Watch Elephant Boy
- 1 hr 20 min
"Elephant Boy" is a 1937 British adventure film directed by Robert Flaherty and Zoltan Korda. The movie is based on a short story "Toomai of the Elephants" by British author Rudyard Kipling. The movie follows the life of a young Indian boy named Toomai who dreams of becoming a great elephant driver, like his father before him. The opening scene of the movie showcases the majestic elephants inhabited in the Indian jungle. The credit rolls as the camera follows a group of elephants marching through the dense forest. We then see an old man who is the leader of a group of elephant drivers, or "mahouts." He decides to take on Toomai as an apprentice and teach him about the ways of the elephants.
Toomai is portrayed by the young Indian actor Sabu, who delivers a captivating performance. His character is curious and eager to learn, fascinated with the wild behavior of the animals. The audience is drawn into his journey, as Toomai accompanies the mahouts on their daily tasks, leading the elephants to work in the forest, bathing them in the river, and feeding them sugar cane.
Toomai's adventurous spirit leads him to follow the elephants deep into the forest, where he encounters a clan of invading hunters who are intent on killing the animals for their ivory tusks. He quickly realizes the danger and hurries back to inform the mahouts.
The group attempts to put a stop to the hunters' plan, but they're outnumbered and outgunned. With no other option left, Toomai is sent to ask for help from British India's army patrol nearby. The camaraderie between the elephant drivers and the British army showcases mutual respect and diversity, which was significant in 1937.
Throughout the movie, the audience is treated to stunning visuals of the Indian jungles and its environment. The elephants are showcased throughout the film, representing a parallel story of their strength and the bond they share with the humans. The majestic beasts were portrayed with remarkable realism, courtesy of Flaherty's experience as an ethnographic filmmaker.
The film's score, composed by John Greenwood, features classical Indian themes blended with Western classical music. The music complements the movie's pace, tone, and emotions, ultimately enhancing the audience's viewing experience.

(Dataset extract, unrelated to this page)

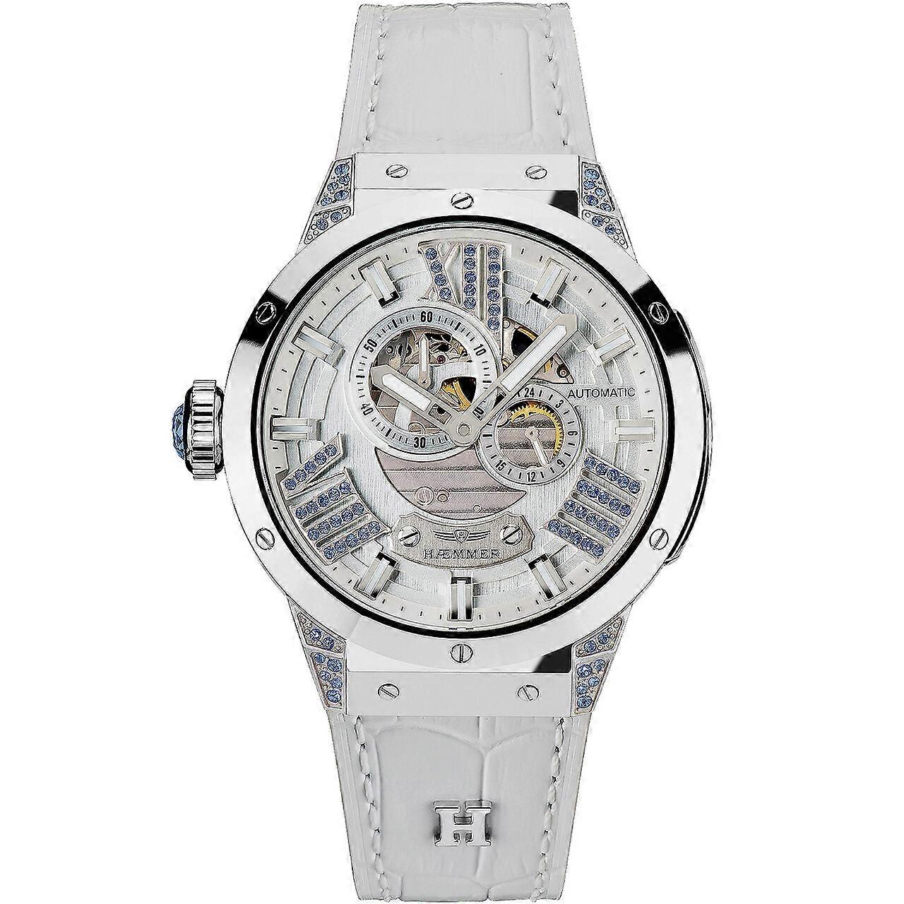 Model: Ladies Watch Haemmer GL-300-W, Automatic, 45mm, 10ATM. Brand: Haemmer. Package Weight: 0.6 Kg. Movement: Automatic. Case Color: Silver. Watchband Color: White. Watchband Material: Leather. Case width: 45 mm.

"Elephant Boy" proved to be a milestone film for the young Sabu, who went on to become a prominent child actor in Hollywood. His charming performance and boyish innocence were praised by critics, and he won the Best Juvenile Actor Award at the Venice Film Festival. He also became a household name, earning roles in movies such as "The Thief of Bagdad," "Jungle Book," and "Black Narcissus."
The movie stands the test of time, even after more than eight decades since its initial release. It highlights the indigenous people of India, their culture, and traditional ways of life. It's a window to a bygone era, portrayed with authenticity and honesty. Its message of conservation and respect for nature is still highly relevant today, making "Elephant Boy" an essential part of cinema history.
In conclusion, "Elephant Boy" is an enchanting and engaging classic that explores the lives of Indian elephant drivers during British colonial rule. The movie encapsulates the spirit of adventure, diversity, and the power of nature in a way that's both entertaining and informative. It's a must-see for any film buff or anyone looking for a great story.